Wage arbitrage – as the measure of the difference between salary costs in Western Europe and the USA versus Eastern Europe or Asia – is not the most important factor, when considering outsourcing versus insourcing of software design and development. The real problem today, with IT and digital innovation is Complex Thinking.
The Problem
The source of Complex Thinking in IT, when selecting an internal team or partner to deliver on digital innovation is this: employees and partners who are paid by the hour or month equate personal value and rewards with time. So, the more complex a digital innovation engagement becomes, the more time (and therefore, billable hours) is credited to the employees or partner organization undertaking the work. This is an inherently unhealthy, and sadly, an all-too familiar scenario in many enterprise IT environments today.
The Solution
The antidote to Complex Thinking in IT is Design Thinking – which simply means applying a human-centered approach to solving problems.
Here’s some thoughts on how to defeat it through Transformational Outsourcing and applying three, simple yet powerful Design Principles that come from the broader foundation of Design Thinking.

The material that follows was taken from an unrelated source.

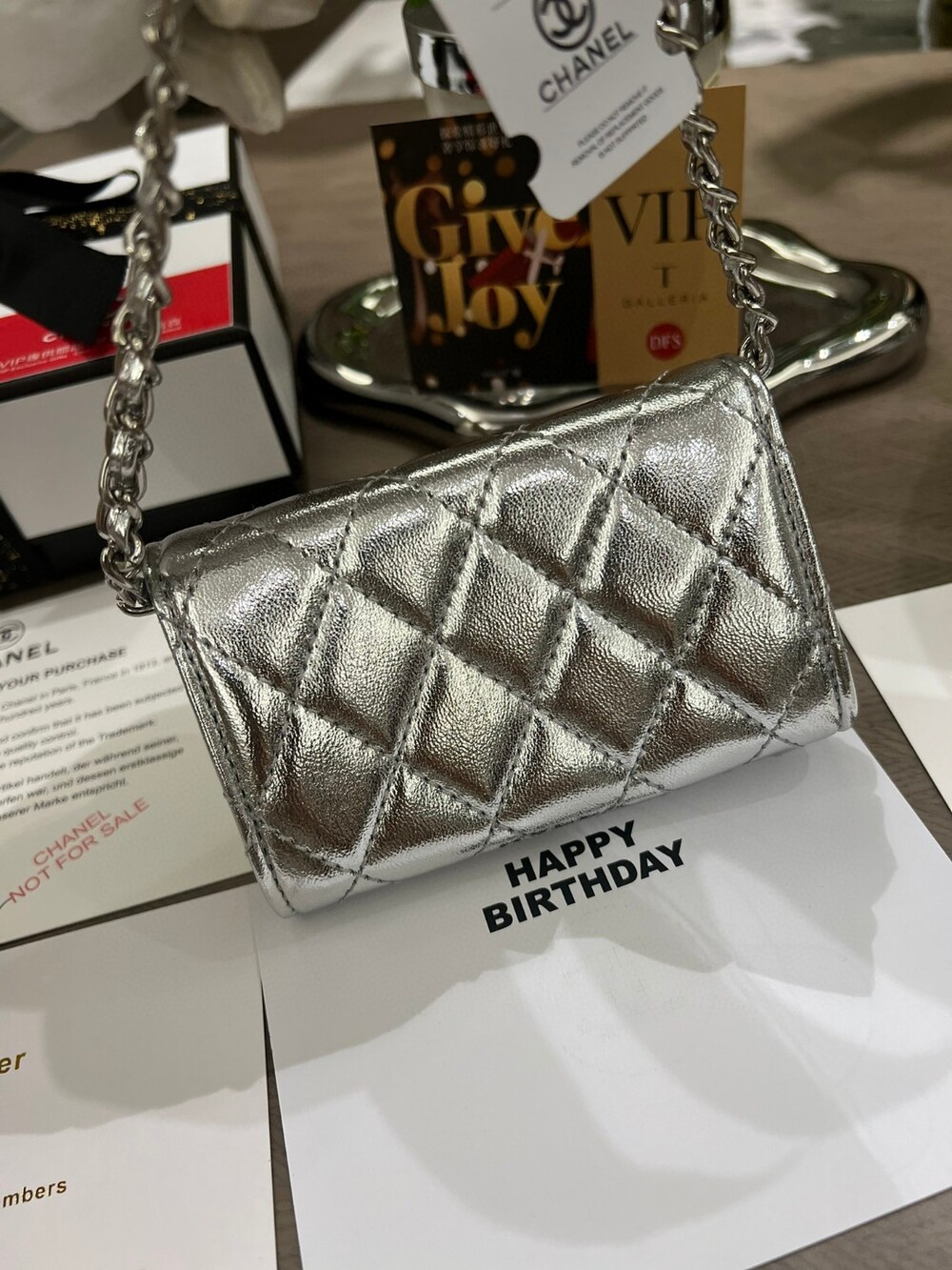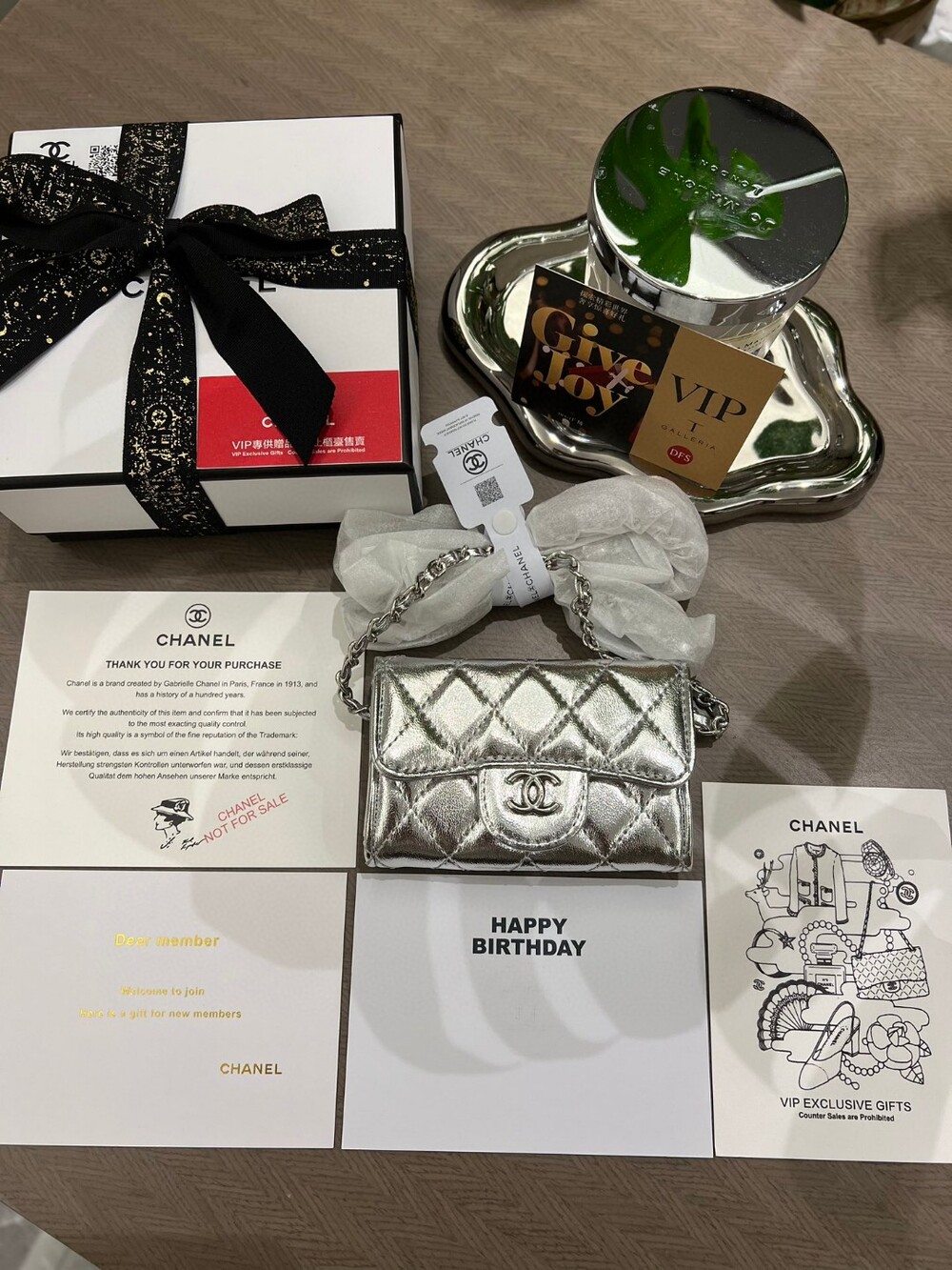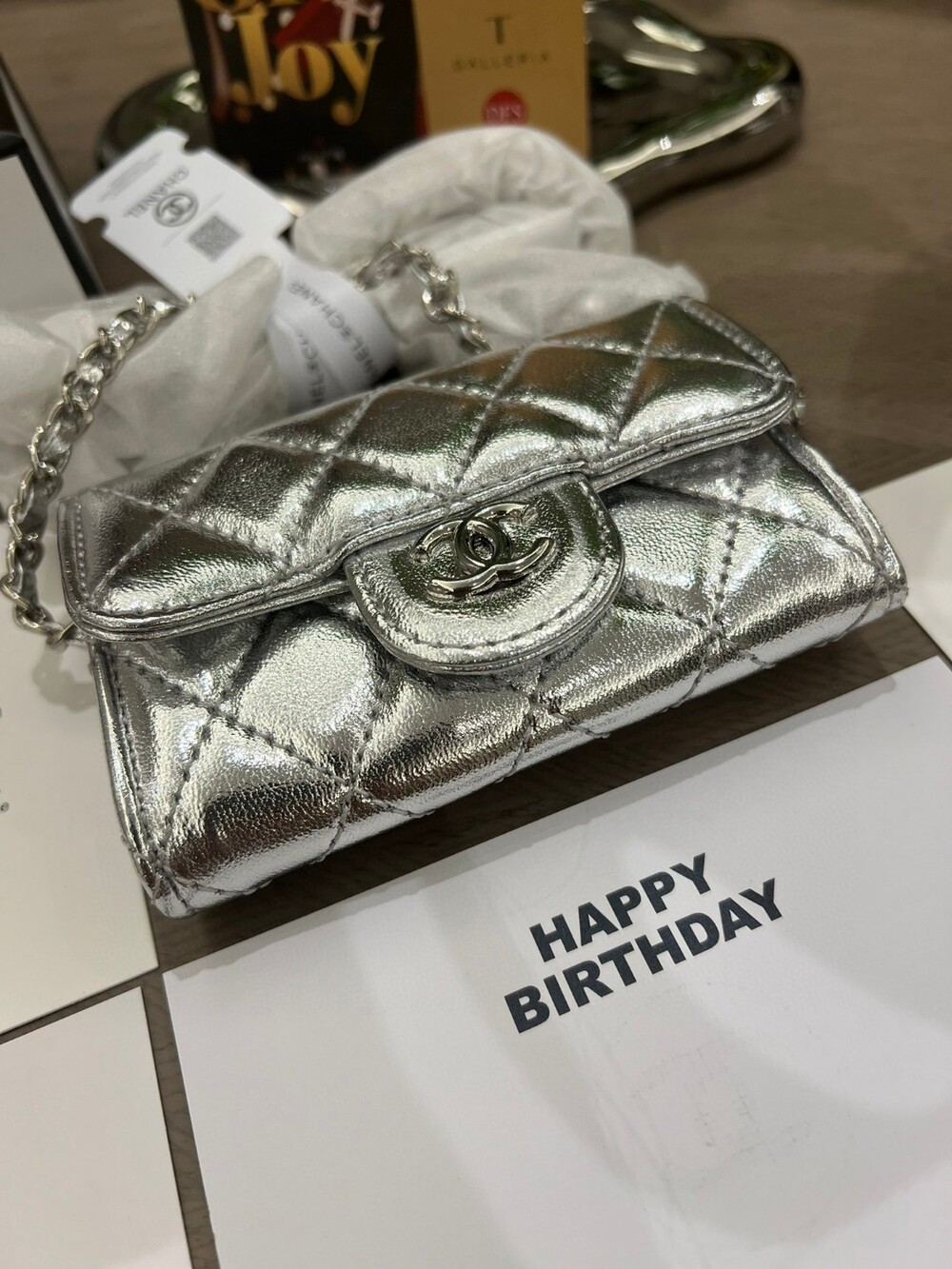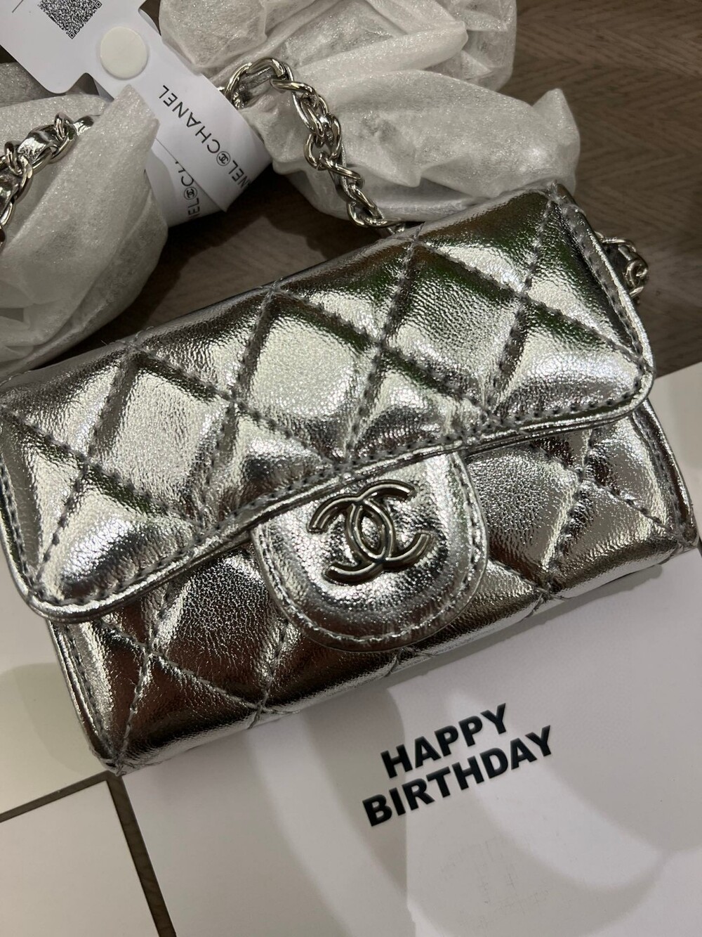 - Chanel mini Small stars (size: 9x3.5cm)Delicate and easy to use, all-around and cuteChanel mini wallet Full package Exclusive inner label:Not for sale ~It can be used as a waist bag and as a cross bag,This bag is really a big "scent."Super cute one Small capacity can only be loaded cute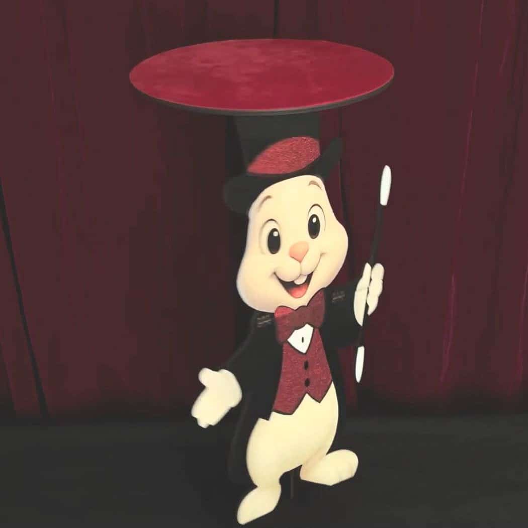 Dette smukke bord er en scenerekvisit, der er bærbart, praktisk og ser super godt ud. Dets iøjnefaldende design gør det perfekt til enhver form for forestilling, og børn elsker det. Det har en rund top, der giver plads til magiske rekvisitter og er stabilt til holde de store rekvisitter, som en produktionskasse, Square Circle osv.

What’s needed today in business is new generation apps that are reimagined and simplified. We need solutions that eliminate waste and engage users in a better way. In summary, we need to apply three (3) Design Principles to next generation apps:
Meaningful Journey
Fierce Reduction
Progressive Disclosure
#1. Meaningful Journey
When designing a next-generation app, the first thing to create is its journey: the path, steps or tasks that users will complete in providing a service, undertaking work or solving a problem. With simplicity at the heart of the design, this means removing steps or tasks that are wasteful or unnecessary. Therefore, this journey must be a Meaningful Journey: from the moment a user goes to the login page, to the moment they logout, when the task(s) or work is done.
#2. Fierce Reduction
When users get confused with apps, it’s usually because what they are confronted with on a page view offers too many choices of what to do next. Often, there is no obvious place to go or action to take from a particular stage in what should be a Meaningful Journey. What’s needed is a fierce reduction mindset: a way to eliminate everything on each screen that distracts from any action at each stage. This is Fierce Reduction.
#3. Progressive Disclosure
When designing a Meaningful Journey and applying Fierce Reduction, it is better to have more clicks or swipes through pages of an app, than add too many options in any given page or screen view. This means that with a fiercely reductive mindset, you will have to engage in a trade-off between simplicity of page or screen view, versus the number of pages on a Meaningful Journey. This is ensuring that Progressive Disclosure is applied to app design.
Conclusion
When you apply these three (3) Design Principles to digital innovation, you are able to introduce the antidote to Complex Thinking – Design Thinking. In this context, by defining what really matters in a Meaningful Journey through each step of user interactions with a particular app, you can apply Fierce Reduction and eliminate everything that confuses or prevents intuitive, next-step activities in such a Meaningful Journey. To achieve Fierce Reduction per app screen, in turn, it may be necessary to increase the number of steps and screens: this is Progressive Disclosure.